** Opening Excerpted records block **

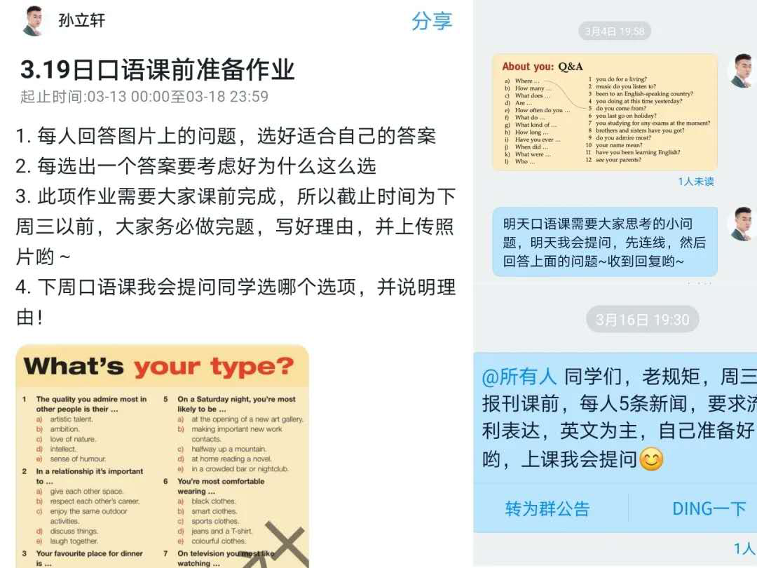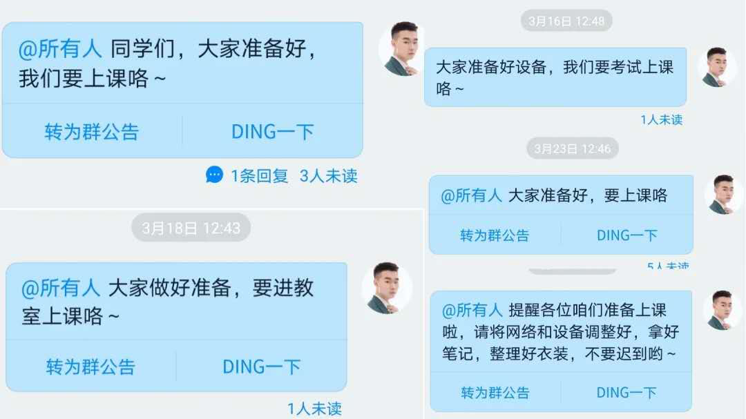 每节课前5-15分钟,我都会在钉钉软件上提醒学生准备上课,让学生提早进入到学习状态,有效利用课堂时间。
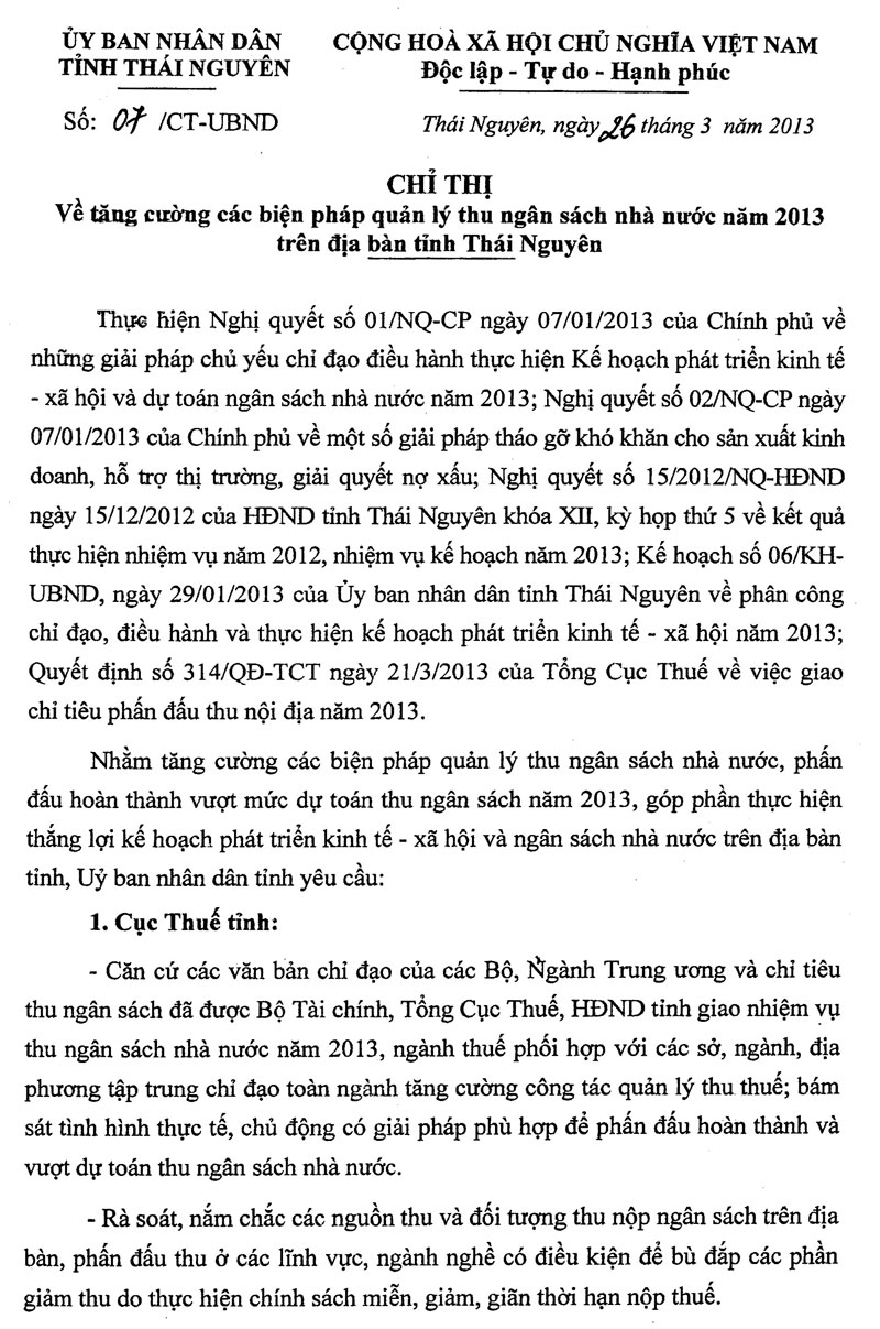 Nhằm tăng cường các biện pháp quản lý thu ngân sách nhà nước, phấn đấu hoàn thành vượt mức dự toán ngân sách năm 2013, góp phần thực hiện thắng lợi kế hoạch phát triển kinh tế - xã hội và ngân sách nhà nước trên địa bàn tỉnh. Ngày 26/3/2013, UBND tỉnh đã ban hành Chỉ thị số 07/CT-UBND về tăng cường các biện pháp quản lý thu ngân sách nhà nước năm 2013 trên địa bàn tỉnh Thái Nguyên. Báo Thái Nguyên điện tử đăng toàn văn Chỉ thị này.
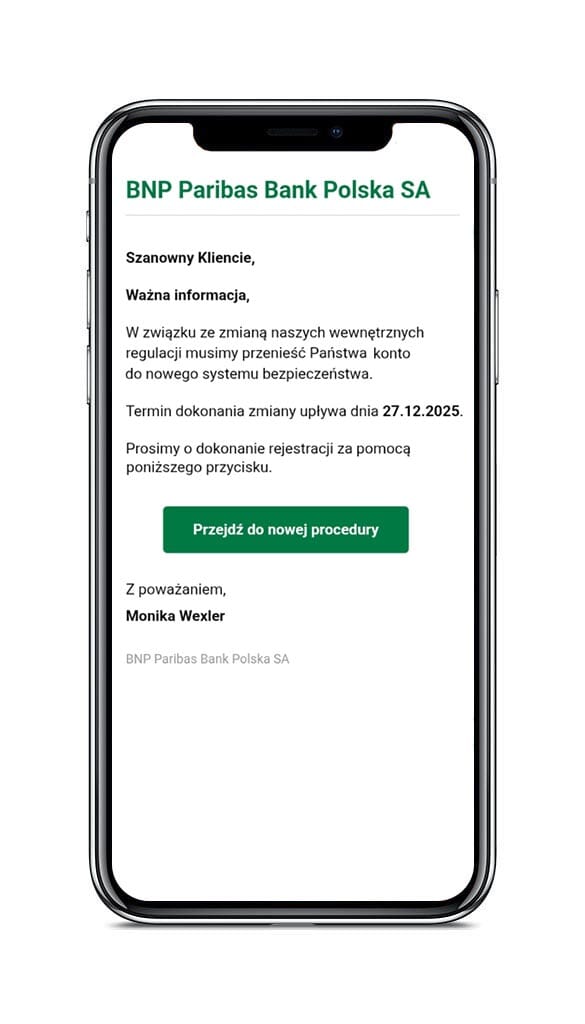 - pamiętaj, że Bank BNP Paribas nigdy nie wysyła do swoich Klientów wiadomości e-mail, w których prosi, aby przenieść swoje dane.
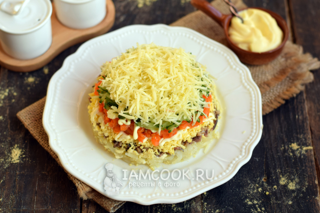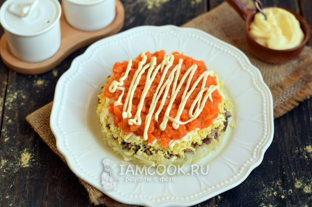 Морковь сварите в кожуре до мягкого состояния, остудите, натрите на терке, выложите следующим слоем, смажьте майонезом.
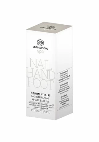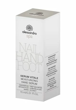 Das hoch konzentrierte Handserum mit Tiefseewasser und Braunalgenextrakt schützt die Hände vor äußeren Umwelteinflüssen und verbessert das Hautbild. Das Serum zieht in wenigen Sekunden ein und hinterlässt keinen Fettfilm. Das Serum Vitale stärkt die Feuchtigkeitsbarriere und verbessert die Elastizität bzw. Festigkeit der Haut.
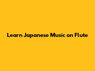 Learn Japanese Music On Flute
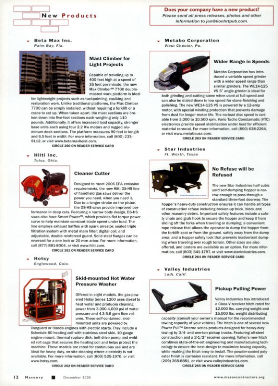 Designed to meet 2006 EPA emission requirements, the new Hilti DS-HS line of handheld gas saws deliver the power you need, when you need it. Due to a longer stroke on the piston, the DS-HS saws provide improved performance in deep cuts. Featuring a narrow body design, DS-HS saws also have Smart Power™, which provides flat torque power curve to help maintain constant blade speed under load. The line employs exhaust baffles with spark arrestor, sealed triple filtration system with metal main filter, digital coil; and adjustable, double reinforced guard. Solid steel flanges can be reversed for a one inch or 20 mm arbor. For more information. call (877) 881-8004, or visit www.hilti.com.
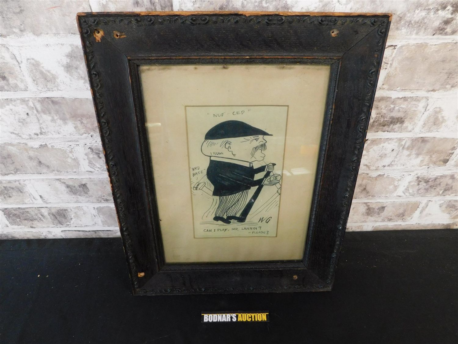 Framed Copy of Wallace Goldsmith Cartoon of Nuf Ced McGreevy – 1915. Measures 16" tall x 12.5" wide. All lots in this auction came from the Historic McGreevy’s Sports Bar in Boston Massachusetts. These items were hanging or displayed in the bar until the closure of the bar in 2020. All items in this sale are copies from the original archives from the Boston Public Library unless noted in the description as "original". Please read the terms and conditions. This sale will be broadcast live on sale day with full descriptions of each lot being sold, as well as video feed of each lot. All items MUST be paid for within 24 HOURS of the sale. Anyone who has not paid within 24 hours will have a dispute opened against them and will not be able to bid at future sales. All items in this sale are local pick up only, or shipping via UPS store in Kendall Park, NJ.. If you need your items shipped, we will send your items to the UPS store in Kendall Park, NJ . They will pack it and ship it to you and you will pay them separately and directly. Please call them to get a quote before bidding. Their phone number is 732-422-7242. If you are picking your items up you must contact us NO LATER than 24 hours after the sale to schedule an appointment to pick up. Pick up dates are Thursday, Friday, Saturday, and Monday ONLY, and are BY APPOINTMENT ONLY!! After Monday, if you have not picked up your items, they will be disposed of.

** Closing Excerpted records block **
** Opening Excerpted records block **

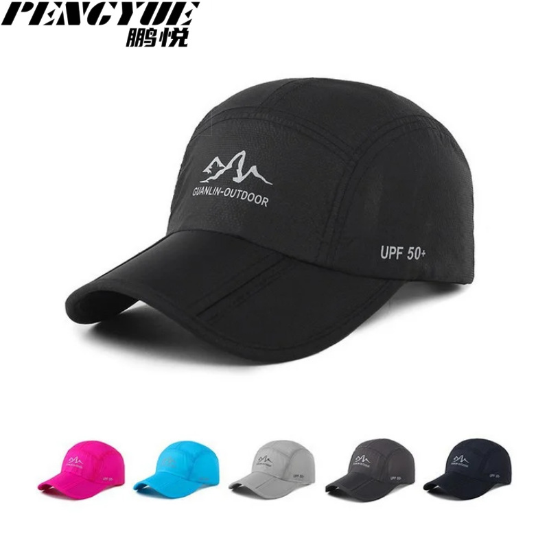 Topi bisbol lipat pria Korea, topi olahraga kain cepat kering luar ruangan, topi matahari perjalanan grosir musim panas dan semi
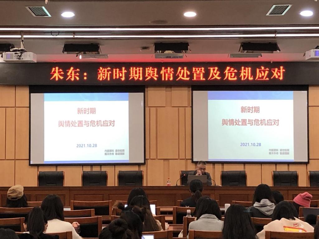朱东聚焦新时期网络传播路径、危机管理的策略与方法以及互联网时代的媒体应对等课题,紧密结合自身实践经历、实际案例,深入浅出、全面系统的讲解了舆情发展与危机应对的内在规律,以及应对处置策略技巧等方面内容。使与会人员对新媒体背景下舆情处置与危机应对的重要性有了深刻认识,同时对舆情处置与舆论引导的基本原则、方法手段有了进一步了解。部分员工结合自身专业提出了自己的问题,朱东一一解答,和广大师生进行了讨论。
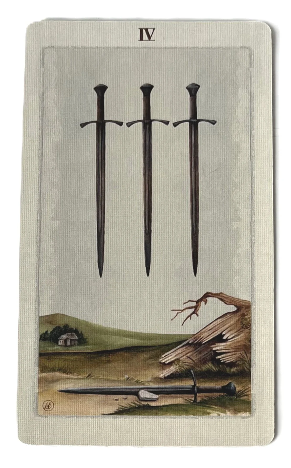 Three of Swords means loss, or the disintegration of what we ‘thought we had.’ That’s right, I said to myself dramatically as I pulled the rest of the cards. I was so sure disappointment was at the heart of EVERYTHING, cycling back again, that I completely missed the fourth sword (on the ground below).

** Closing Excerpted records block **
** Opening Excerpted records block **

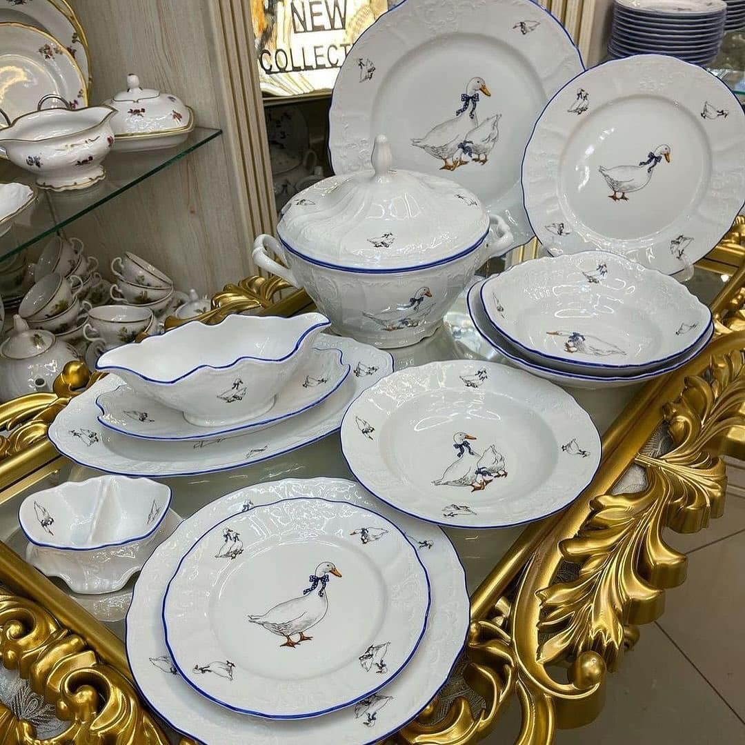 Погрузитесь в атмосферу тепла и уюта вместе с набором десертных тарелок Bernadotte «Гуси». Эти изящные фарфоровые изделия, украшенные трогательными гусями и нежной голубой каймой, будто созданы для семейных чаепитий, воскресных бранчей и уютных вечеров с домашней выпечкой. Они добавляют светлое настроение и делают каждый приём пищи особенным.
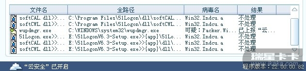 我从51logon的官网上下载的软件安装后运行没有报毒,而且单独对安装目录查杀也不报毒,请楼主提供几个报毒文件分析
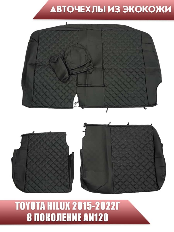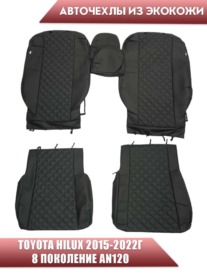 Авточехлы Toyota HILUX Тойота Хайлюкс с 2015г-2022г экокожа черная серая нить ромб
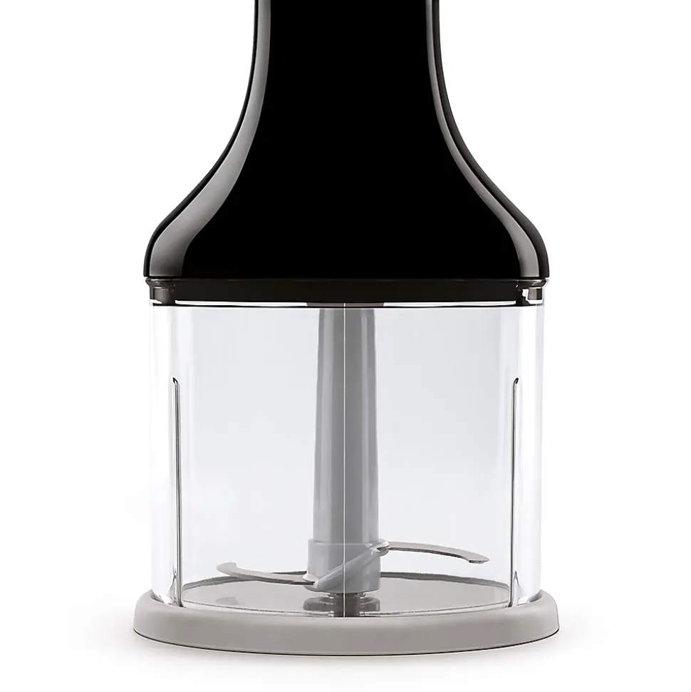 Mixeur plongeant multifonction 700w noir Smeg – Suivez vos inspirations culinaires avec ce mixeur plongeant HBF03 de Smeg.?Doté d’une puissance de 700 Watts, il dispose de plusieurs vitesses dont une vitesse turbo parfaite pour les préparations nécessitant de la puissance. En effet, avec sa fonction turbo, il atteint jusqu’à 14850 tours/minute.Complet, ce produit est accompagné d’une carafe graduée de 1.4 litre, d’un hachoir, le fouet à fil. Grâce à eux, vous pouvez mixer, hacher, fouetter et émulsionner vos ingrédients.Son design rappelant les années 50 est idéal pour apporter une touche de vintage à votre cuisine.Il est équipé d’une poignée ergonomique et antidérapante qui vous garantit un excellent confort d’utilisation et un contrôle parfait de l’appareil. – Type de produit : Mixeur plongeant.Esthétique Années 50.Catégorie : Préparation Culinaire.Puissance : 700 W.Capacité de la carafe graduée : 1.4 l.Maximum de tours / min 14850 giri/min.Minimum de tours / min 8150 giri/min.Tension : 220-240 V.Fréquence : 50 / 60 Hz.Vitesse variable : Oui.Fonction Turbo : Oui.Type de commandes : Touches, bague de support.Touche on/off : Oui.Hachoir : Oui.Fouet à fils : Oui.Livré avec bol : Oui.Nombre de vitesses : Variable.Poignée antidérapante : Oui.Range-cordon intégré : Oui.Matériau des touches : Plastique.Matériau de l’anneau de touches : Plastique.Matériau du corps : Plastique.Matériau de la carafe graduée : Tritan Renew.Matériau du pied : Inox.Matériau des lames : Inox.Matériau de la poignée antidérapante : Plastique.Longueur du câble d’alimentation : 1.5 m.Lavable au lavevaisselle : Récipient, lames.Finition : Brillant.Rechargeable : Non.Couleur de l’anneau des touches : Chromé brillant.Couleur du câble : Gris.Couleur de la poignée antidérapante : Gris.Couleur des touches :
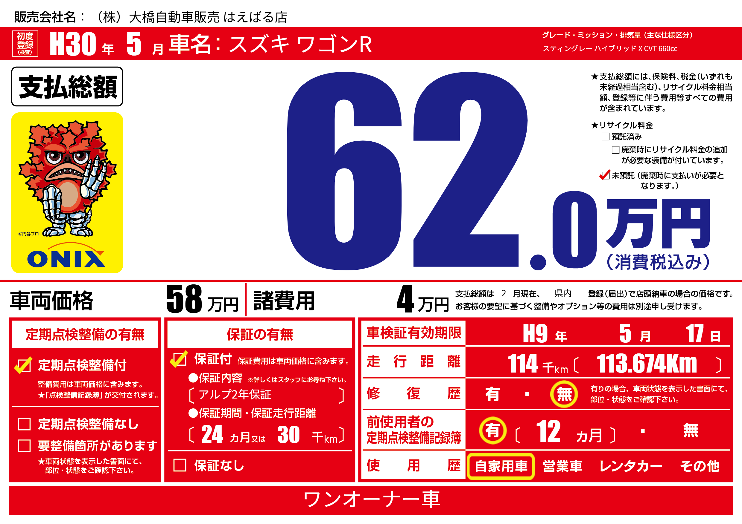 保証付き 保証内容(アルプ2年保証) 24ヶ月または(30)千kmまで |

** Closing Excerpted records block **

Required action:
Restate word for word every line from the one with "Погрузитесь в атмосферу" up to and including the one with "我从51logon的官网上下" in the records above, minus the pictures.

Response to the task:
 Погрузитесь в атмосферу тепла и уюта вместе с набором десертных тарелок Bernadotte «Гуси». Эти изящные фарфоровые изделия, украшенные трогательными гусями и нежной голубой каймой, будто созданы для семейных чаепитий, воскресных бранчей и уютных вечеров с домашней выпечкой. Они добавляют светлое настроение и делают каждый приём пищи особенным.
 我从51logon的官网上下载的软件安装后运行没有报毒,而且单独对安装目录查杀也不报毒,请楼主提供几个报毒文件分析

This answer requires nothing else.